As shown learn more in Fig. 2A–C, the control levels of TEWL and TWF were both affected with the water flux into the skin increasing and water efflux out of the skin increasing in direct proportion to the degree of tape stripping. Similarly, the ER of the pig skin showed a progressive fall in response

to the number of strips taken as the resistivity of the skin sample decreased. For example, the initial batch of 5 tape strips resulted in a highly significant (p < 0.0001) 1.7-fold decrease in ER, when compared with the “control” and a highly significant (p < 0.0001) 3.5-fold increase in TEWL. Following ten tape strips, TWF increased 3.5-fold (p < 0.001), ER decreased 2.4-fold (p < 0.0001) and TEWL increased 5-fold (p < 0.0001) when compared to the unstripped control group. The trend continued with 15 tape strips

resulting in 5.8-fold increases (p < 0.0001) in TWF, 3.3-fold decreases in ER (p < 0.0001) and 5.8-fold increases in TEWL (p < 0.0001) above control. The final ER and TEWL measurements following 20 tape strips, which probably results in the complete removal of the stratum corneum, gave 4.5-fold decreases (p < 0.0001) and 8.1-fold increases ZD6474 mw (p < 0.0001) compared with control, respectively. With the exception of TWF measurements following ten tape strips (p < 0.001), each batch of five tape strips resulted in a highly significant (p < 0.0001) change in the three integrity measurements when compared with the control (0 strips) value. Further investigation into the effect of individual tape stripping after the first 5 strips reinforced the sensitivity of ER in detecting initial membrane damage following the 5 tape strips and then each subsequent individual Tolmetin tape strip thereafter. As shown in Fig. 3A, the ER value following 5 strips decreased

1.5-fold when compared to the “control” after which there was a small, but observable, further fall in ER of the skin membrane with each subsequent tape strip up to 14 strips. At this point there was an overall 3.4-fold decrease in ER (p < 0.0001) when compared to the “control”. The individual strip data correlated well with the grouped 5 tape strip data for ER shown in Fig. 2A–C. TEWL measurements following 5 tape strips, as shown in Fig. 3B, demonstrated a 4.8-fold increase in water efflux from the compromised skin when compared to the ‘control’ which was broadly comparable to the batches of 5 strips. However, TEWL measurements following each subsequent individual tape strip did not show a uniform pattern of increased damage as assessed by water efflux.

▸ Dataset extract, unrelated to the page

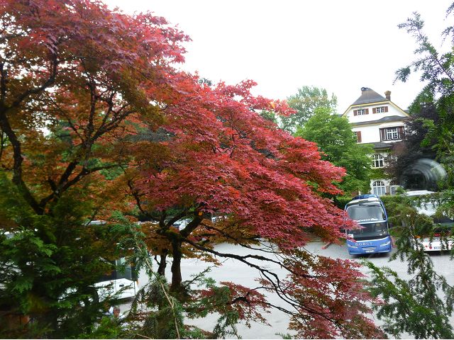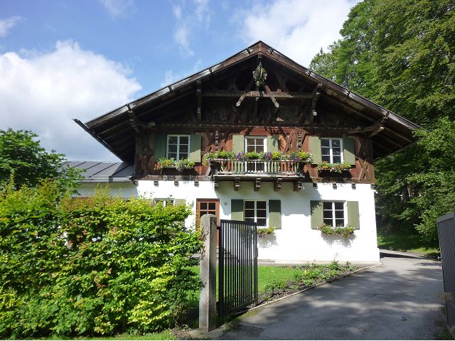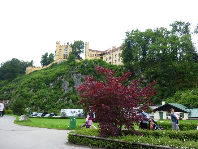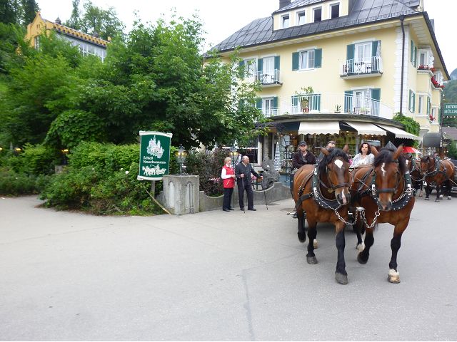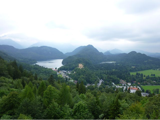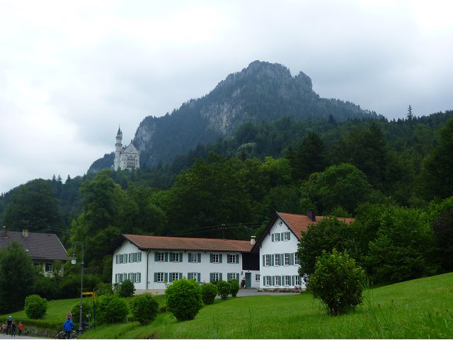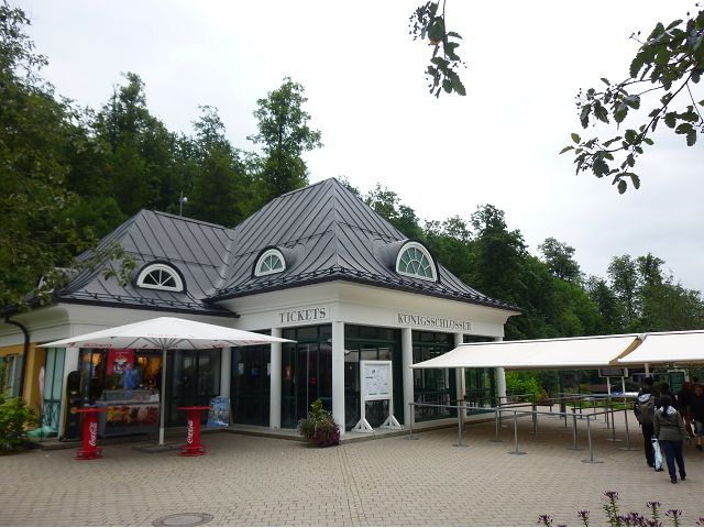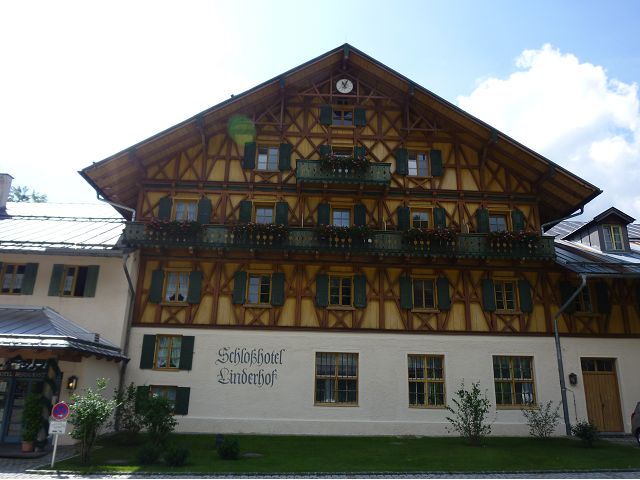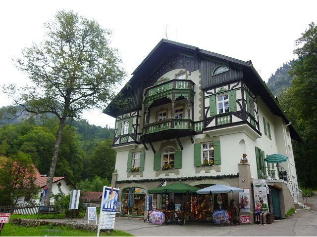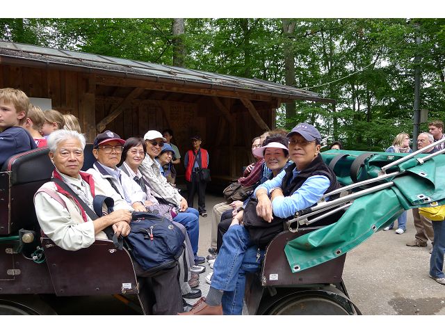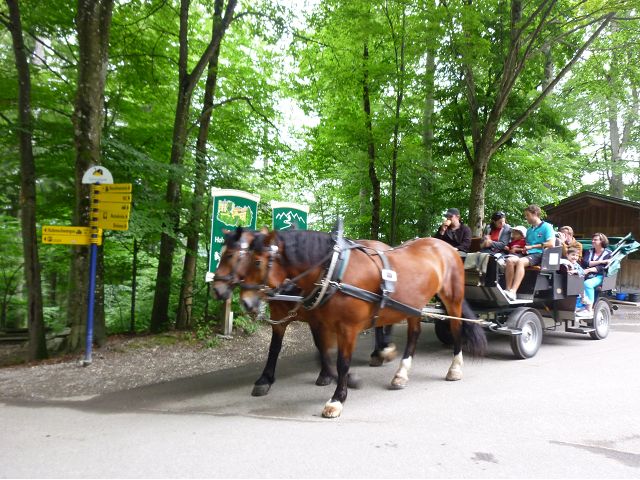 我們坐馬車下山,馬匹拖車,雙馬溫馴秀氣,拖車無蓬,似專為載約十餘客人而設計,緩緩馳行樹林間,滿眼青翠,十分舒適。返回Hohenschwangau馬車出發地,售票亭巴伐利亞民居建築一樣好看,在Ludwigs Stüberl餐廳外牆有一大幅巴伐利亞地區著名的濕壁畫(Lüftlmalerei),描繪當地傳統生活場景,有機會見識到這種在灰泥未乾時進行繪製的壁畫技術,也是一得。夜宿福森(Füssen)火車站旁的Luitpoldpark飯店,離新天鵝堡6公里的優美小鎮,許多遊覽旅客會先安排在此住宿一晚的行程。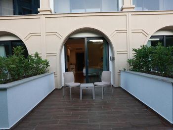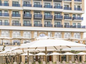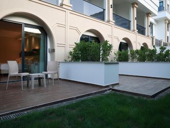Ухоженная территория, много зелени, собственный чистый пляж. Из-за волнореза там было спокойно (без больших волн) и чисто по сравнению с соседними пляжами.

This is further supported by recent studies that demonstrated col

This is further supported by recent studies that demonstrated colorectal adenocarcinomas characterized by the BRAF V600E mutation have significantly worse overall survival when compared to BRAF wild-type or KRAS mutated adenocarcinomas C646 concentration [3], [14], [15] and [16]. Additionally, SSA/Ps have been reported to be of higher risk of progression [17] and [18]. Our study attempted the further investigation of underlying molecular alterations in serrated colorectal polyps through gene expression profiling. In validation studies, we employed quantitative reverse transcription–polymerase chain reaction (qRT-PCR) and routine immunohistochemical

techniques available in most pathology laboratories using samples from surgical resections and polypectomies. We have identified claudin-1 (CLDN1) as significantly upregulated in polyps bearing the BRAF V600E somatic mutation both on a gene expression level and a protein level, regardless of polyp type. Our results indicate that CLDN1 up-regulation occurs early in the development of SSA/P and its overexpression in a proportion of MVHP suggests a close relation between these two

lesions of the serrated pathway. Polyp samples used in microarray gene expression profiling and qRT-PCR were obtained from surgical resection specimens. The fresh resection specimens were examined and sampled in a hospital immediately after resection or in the pathology laboratory within 30 minutes of resection. Each polyp was divided into equal portions. Portions were either immediately snap-frozen in liquid nitrogen or Volasertib datasheet formalin fixed and paraffin embedded RVX-208 (FFPE). The frozen

sections selected for the study were further verified histologically before analysis. The diagnostic criteria for SSA/P and MVHP are based on published criteria relying mainly on polyp architecture [9]. The architectural features assessed included crypt branching, horizontal dilatation of basal crypt compartments, and presence of serration at the base of the crypts. Polyps were classified as SSA/P when at least two of these features were present, and only lesions with a sessile configuration and a diameter of 10 mm or more from the right colon (up to the splenic flexure) were classified as SSA/P; MVHP were obtained from the left colon and were < 5 mm in diameter. None of the polyps used in microarray gene profiling or RT-PCR contained pericryptal stromal spindle cells, had a conventional adenoma component, or had dysplasia. In addition to morphology, polyps were also characterized by BRAF and KRAS mutation analyses. No polyps that carried both the BRAF and KRAS mutations were identified. Informed consent was obtained from patients before the use of their samples, and the study was approved by the Royal Adelaide Ethics Committee (RAH Protocol No. 001201). DNA was prepared from polyp tissue macro-dissected from FFPE slides using the QIAamp DNA FFPE Tissue Kit (Qiagen, Valencia, CA).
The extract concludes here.